[[ Task material, beginning ]]
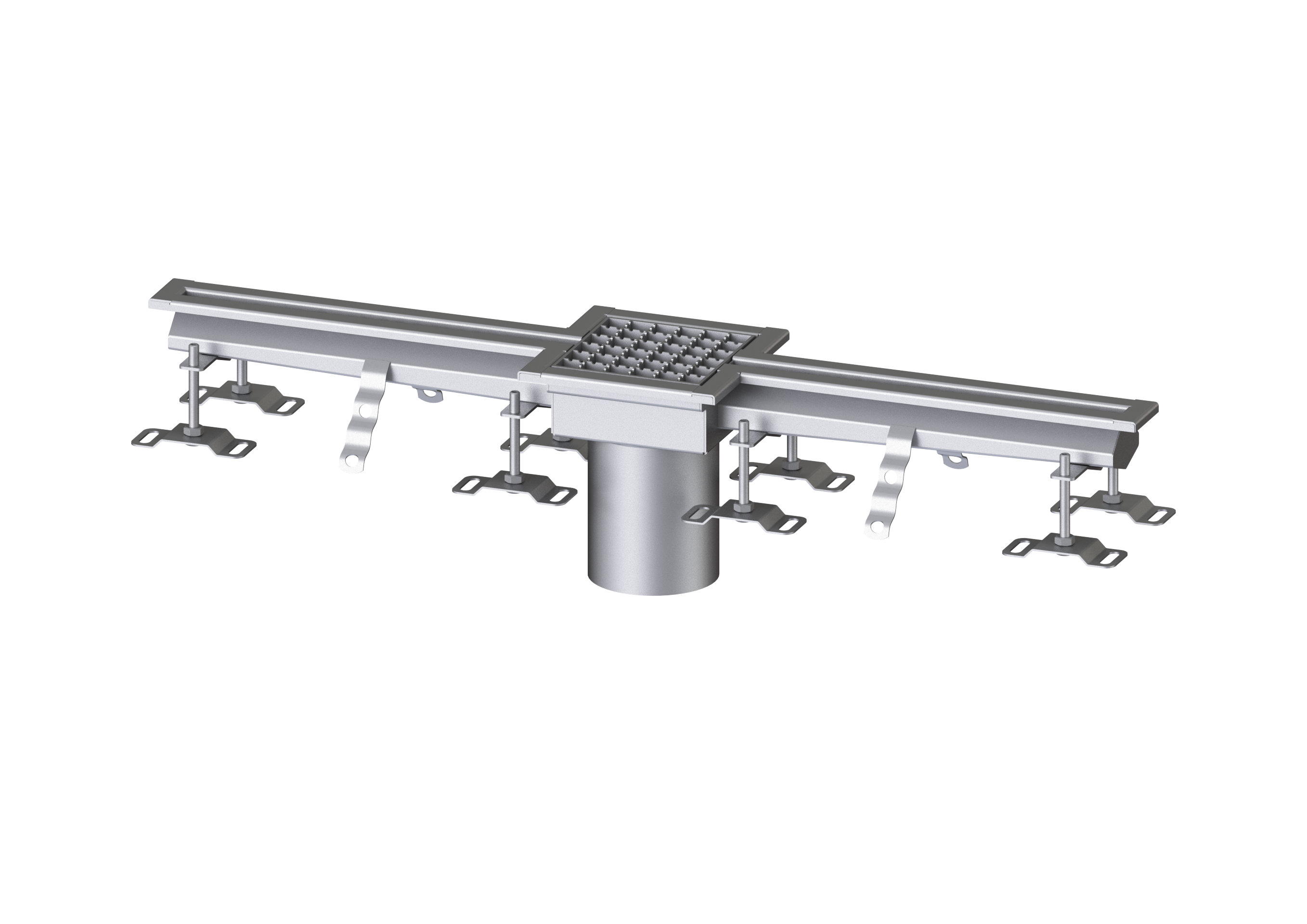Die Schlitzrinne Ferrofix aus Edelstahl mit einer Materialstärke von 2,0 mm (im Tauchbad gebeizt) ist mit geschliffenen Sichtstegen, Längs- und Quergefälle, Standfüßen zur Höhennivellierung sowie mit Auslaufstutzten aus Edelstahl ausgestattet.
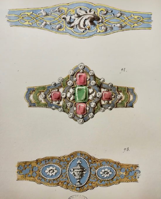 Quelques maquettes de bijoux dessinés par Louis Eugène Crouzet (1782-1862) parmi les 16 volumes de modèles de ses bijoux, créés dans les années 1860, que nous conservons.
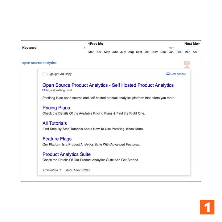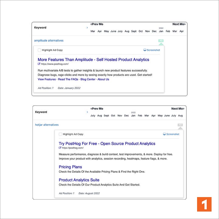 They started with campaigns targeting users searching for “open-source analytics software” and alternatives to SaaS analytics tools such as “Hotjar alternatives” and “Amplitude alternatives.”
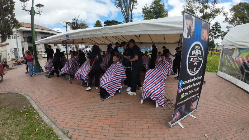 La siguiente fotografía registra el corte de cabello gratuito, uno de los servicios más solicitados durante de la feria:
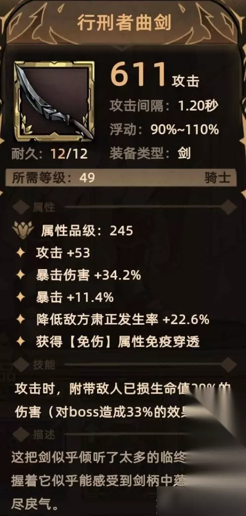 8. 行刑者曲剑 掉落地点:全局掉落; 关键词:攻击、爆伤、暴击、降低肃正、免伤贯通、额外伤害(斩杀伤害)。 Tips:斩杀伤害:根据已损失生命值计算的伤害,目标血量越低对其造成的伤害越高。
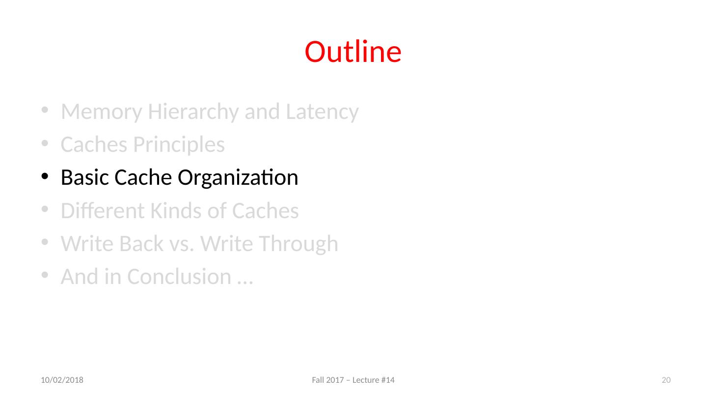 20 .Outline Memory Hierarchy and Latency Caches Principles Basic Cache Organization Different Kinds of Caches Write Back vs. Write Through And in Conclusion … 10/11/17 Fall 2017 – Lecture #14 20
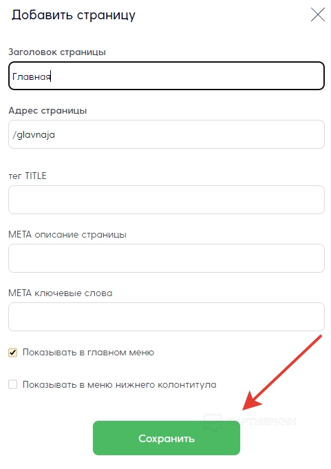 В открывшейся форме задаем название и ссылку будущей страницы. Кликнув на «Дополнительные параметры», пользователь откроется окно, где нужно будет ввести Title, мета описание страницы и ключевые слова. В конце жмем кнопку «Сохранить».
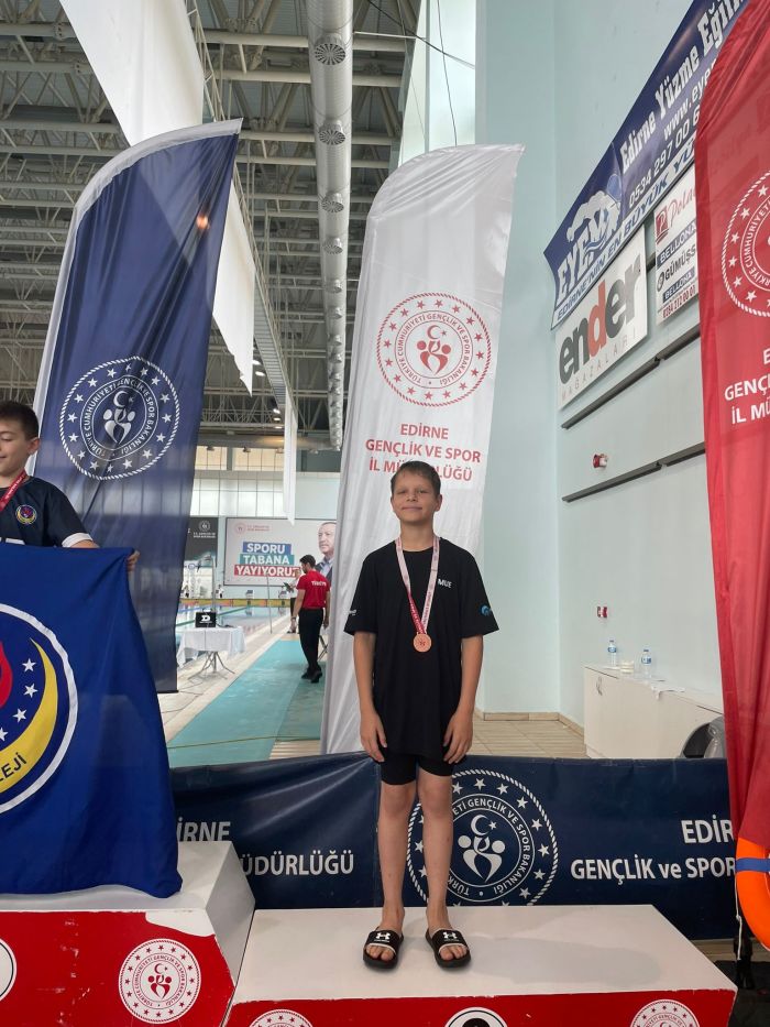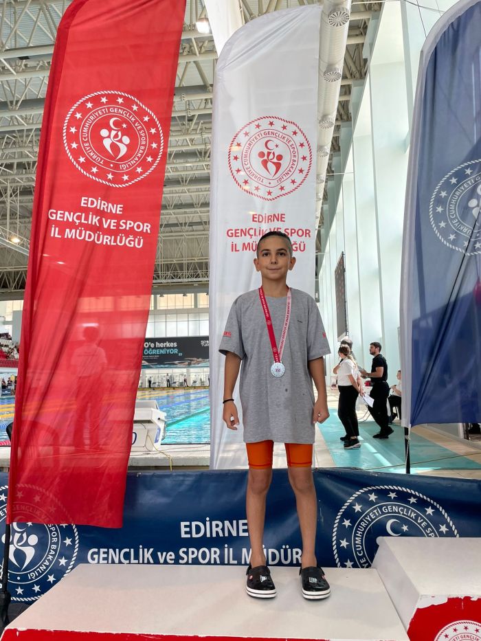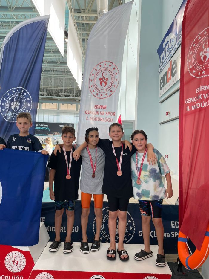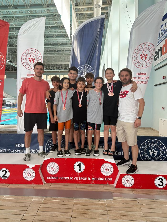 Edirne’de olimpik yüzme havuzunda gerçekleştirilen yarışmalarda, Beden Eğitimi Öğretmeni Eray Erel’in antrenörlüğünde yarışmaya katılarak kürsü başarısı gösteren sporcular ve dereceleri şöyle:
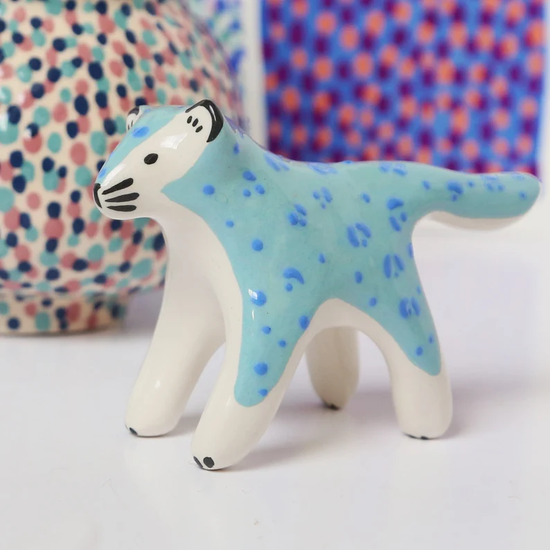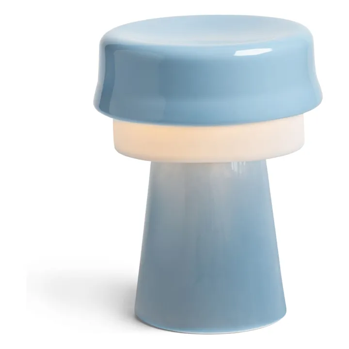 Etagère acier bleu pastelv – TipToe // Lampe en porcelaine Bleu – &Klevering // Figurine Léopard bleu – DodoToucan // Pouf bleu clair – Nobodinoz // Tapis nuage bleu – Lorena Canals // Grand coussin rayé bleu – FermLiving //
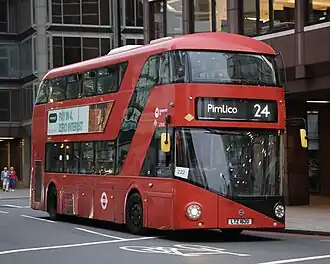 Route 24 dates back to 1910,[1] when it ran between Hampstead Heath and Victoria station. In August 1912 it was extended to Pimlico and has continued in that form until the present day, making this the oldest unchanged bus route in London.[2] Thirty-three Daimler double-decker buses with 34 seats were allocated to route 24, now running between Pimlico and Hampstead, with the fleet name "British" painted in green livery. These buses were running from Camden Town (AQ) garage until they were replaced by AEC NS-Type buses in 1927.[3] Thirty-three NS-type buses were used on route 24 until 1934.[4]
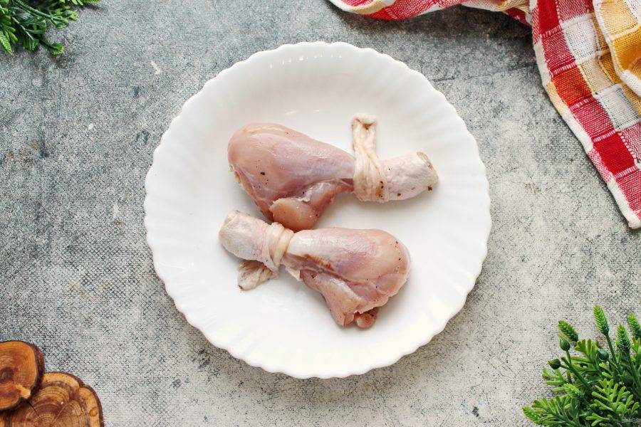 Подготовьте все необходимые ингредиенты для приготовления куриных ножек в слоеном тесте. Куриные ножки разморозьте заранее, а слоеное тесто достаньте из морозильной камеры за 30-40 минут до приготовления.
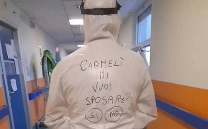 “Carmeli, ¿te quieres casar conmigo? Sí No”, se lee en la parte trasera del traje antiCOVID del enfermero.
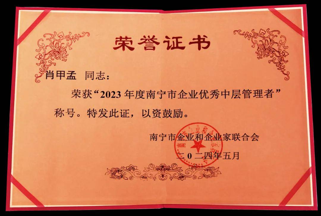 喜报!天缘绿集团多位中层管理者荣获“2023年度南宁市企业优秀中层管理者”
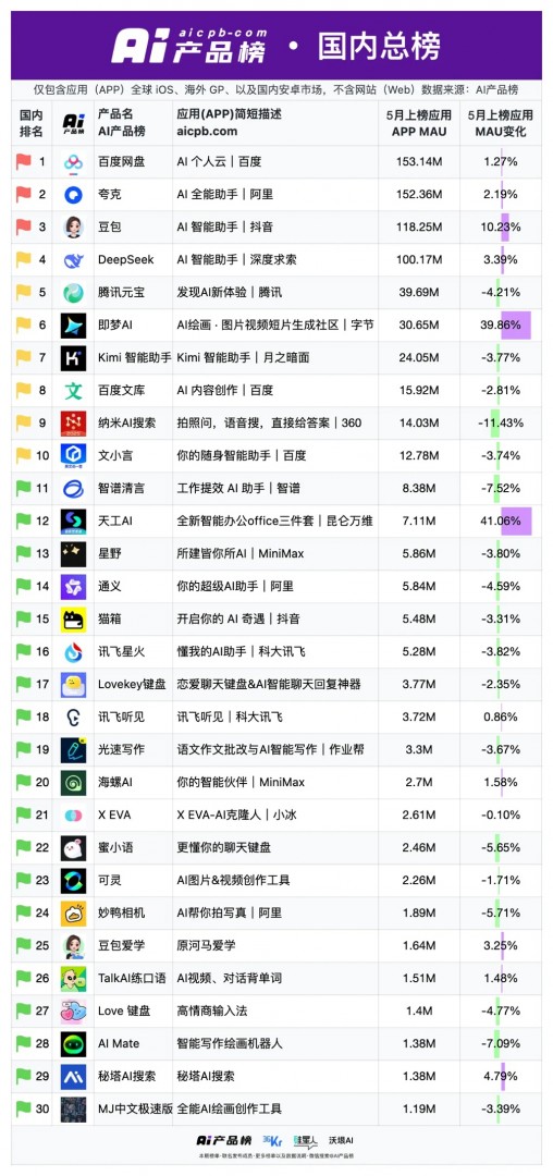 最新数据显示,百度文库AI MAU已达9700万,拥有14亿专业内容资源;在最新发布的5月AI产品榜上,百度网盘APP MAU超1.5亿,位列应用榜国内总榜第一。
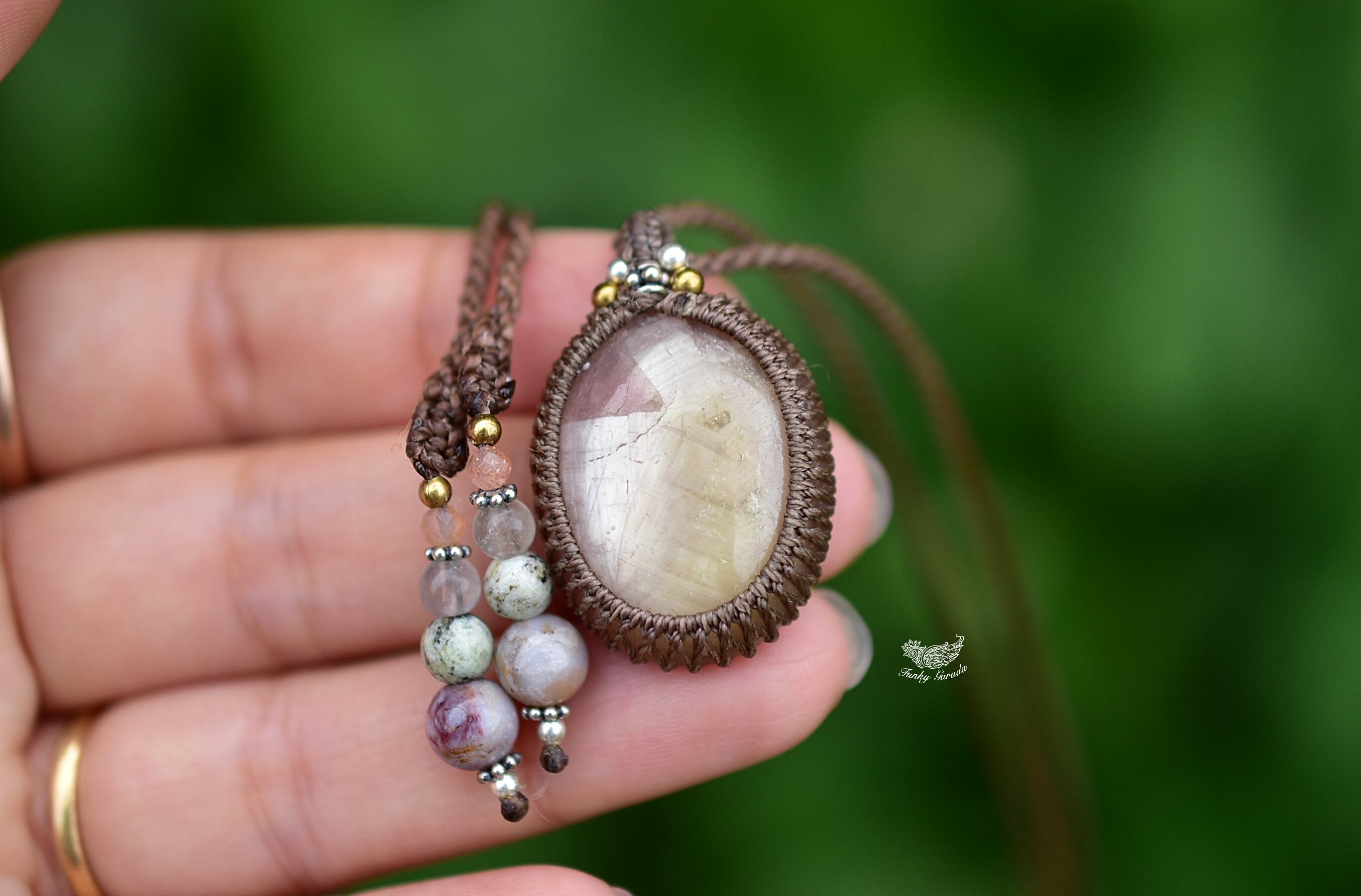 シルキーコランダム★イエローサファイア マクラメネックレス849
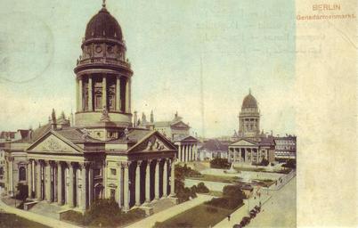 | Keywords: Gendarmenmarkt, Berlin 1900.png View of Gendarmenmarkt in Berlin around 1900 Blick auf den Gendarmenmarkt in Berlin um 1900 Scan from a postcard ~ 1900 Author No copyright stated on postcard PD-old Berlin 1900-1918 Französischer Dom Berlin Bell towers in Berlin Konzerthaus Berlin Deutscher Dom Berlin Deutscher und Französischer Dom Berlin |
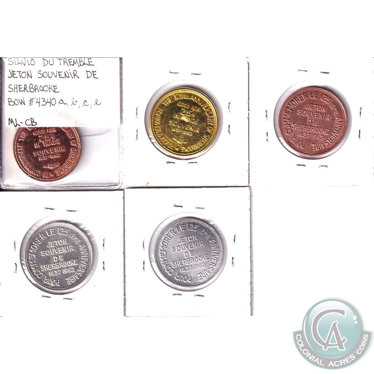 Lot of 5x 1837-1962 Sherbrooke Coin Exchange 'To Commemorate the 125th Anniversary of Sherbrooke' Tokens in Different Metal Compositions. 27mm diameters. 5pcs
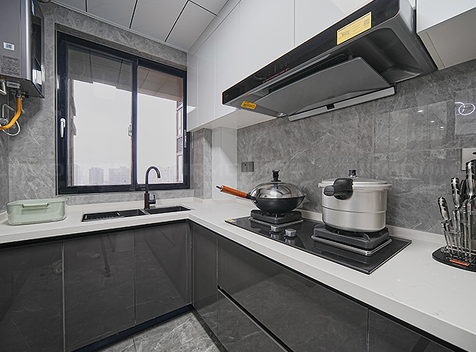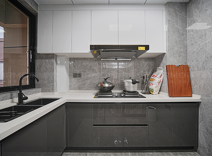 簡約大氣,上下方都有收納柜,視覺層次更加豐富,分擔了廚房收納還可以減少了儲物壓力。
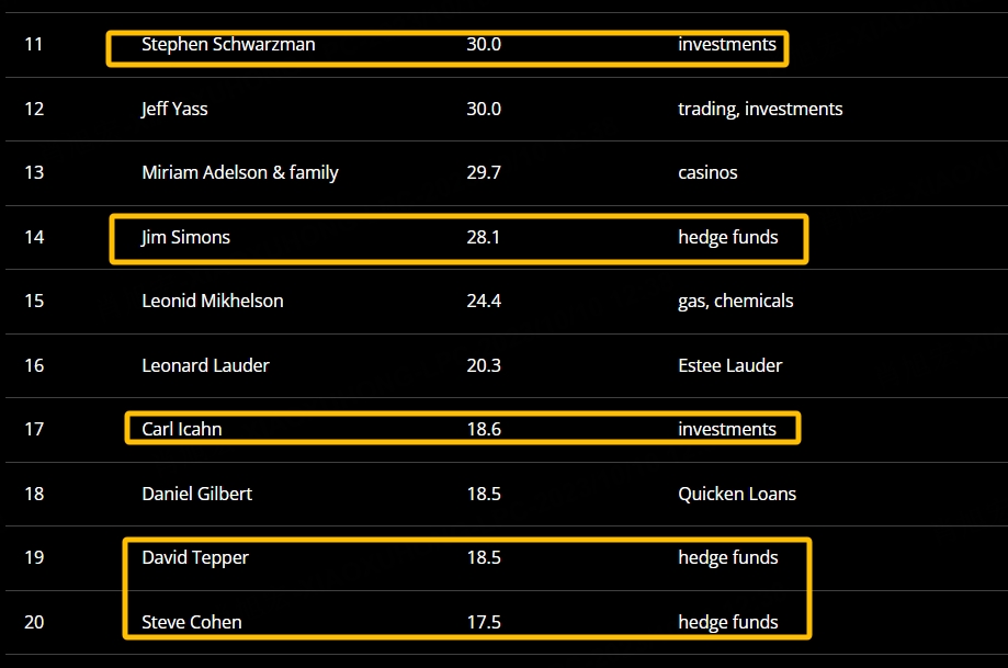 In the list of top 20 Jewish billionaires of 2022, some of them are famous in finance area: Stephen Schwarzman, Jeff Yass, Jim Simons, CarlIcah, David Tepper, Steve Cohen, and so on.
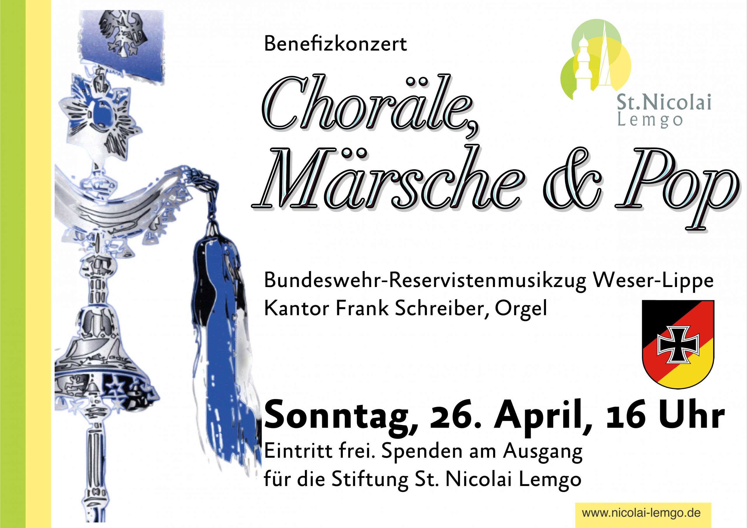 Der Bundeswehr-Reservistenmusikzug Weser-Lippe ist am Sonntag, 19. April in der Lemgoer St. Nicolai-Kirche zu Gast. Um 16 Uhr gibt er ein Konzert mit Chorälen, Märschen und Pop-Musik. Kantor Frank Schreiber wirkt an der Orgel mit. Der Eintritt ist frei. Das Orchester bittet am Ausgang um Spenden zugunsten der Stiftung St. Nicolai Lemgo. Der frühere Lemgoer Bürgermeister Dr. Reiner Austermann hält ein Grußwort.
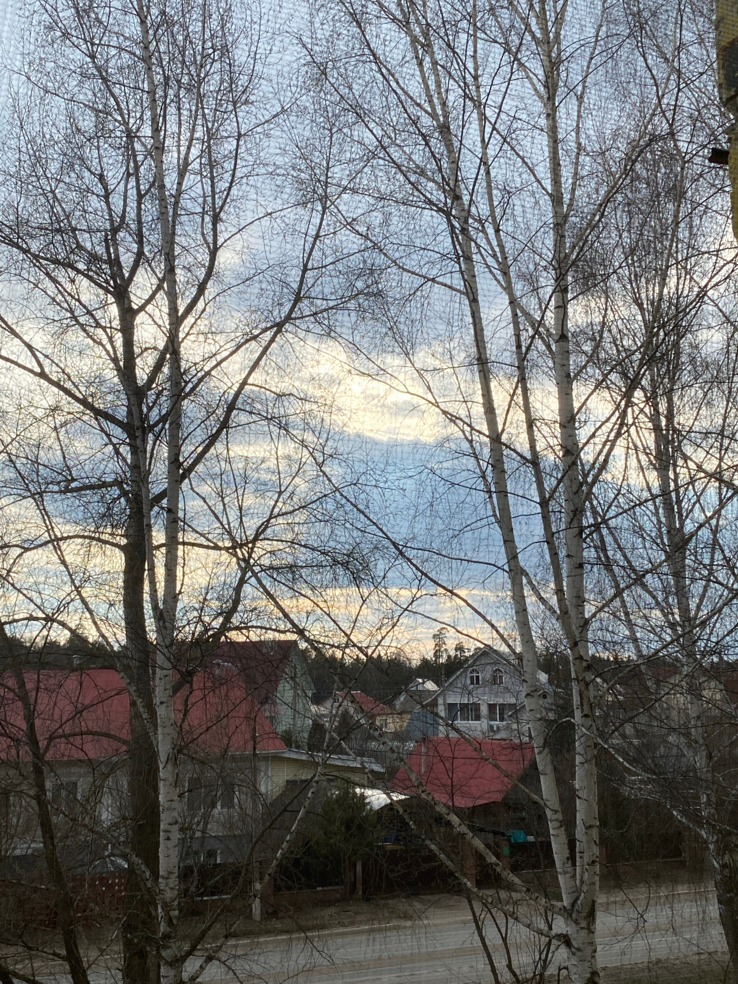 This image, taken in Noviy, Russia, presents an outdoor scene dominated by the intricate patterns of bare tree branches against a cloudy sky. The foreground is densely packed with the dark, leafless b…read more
[[ Task material, end ]]
Action item: Range to copy from the records above: the line containing "Route 24 dates" to the line containing "Подготовьте все необходимые", both included. Output those lines exactly and only those, skipping pictures.

Answer to this exercise:
 Route 24 dates back to 1910,[1] when it ran between Hampstead Heath and Victoria station. In August 1912 it was extended to Pimlico and has continued in that form until the present day, making this the oldest unchanged bus route in London.[2] Thirty-three Daimler double-decker buses with 34 seats were allocated to route 24, now running between Pimlico and Hampstead, with the fleet name "British" painted in green livery. These buses were running from Camden Town (AQ) garage until they were replaced by AEC NS-Type buses in 1927.[3] Thirty-three NS-type buses were used on route 24 until 1934.[4]
 Подготовьте все необходимые ингредиенты для приготовления куриных ножек в слоеном тесте. Куриные ножки разморозьте заранее, а слоеное тесто достаньте из морозильной камеры за 30-40 минут до приготовления.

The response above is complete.